Available data
···

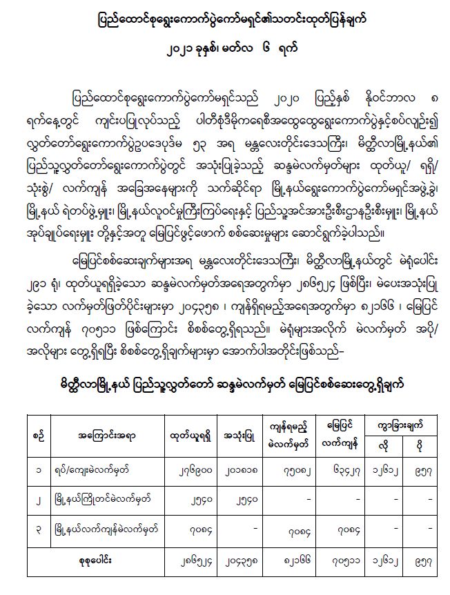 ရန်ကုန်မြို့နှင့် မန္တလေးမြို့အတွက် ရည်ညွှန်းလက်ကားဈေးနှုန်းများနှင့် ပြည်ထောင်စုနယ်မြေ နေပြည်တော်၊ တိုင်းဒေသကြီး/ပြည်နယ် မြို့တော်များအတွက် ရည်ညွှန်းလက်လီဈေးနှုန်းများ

···

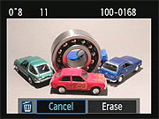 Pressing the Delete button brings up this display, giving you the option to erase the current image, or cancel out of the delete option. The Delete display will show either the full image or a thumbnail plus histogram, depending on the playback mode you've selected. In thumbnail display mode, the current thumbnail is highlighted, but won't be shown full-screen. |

···

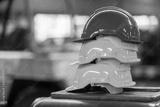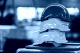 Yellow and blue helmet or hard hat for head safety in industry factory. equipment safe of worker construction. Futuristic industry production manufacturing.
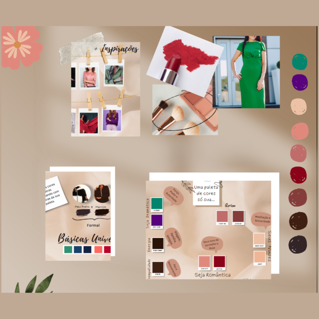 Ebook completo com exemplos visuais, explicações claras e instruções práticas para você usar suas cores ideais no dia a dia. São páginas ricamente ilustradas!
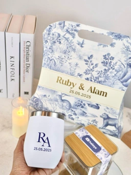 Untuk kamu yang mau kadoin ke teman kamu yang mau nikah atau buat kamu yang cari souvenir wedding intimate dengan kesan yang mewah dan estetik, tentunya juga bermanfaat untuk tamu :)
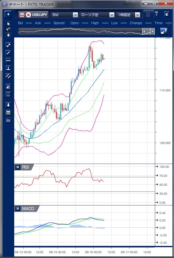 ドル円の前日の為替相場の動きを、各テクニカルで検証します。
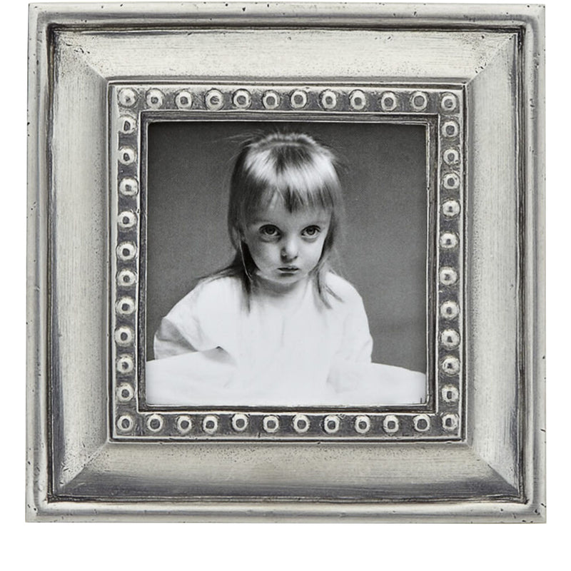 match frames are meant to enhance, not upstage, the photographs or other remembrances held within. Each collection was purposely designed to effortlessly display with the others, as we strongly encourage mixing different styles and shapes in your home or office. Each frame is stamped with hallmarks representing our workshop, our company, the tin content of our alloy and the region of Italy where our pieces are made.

···

What the task asks
Exact copy, pictures excluded: from the line with "ドル円の前日の為替相場の動きを、各テクニカルで検証します。" up to and including the line with "match frames are" in the data above.

Solution to this task
 ドル円の前日の為替相場の動きを、各テクニカルで検証します。
 match frames are meant to enhance, not upstage, the photographs or other remembrances held within. Each collection was purposely designed to effortlessly display with the others, as we strongly encourage mixing different styles and shapes in your home or office. Each frame is stamped with hallmarks representing our workshop, our company, the tin content of our alloy and the region of Italy where our pieces are made.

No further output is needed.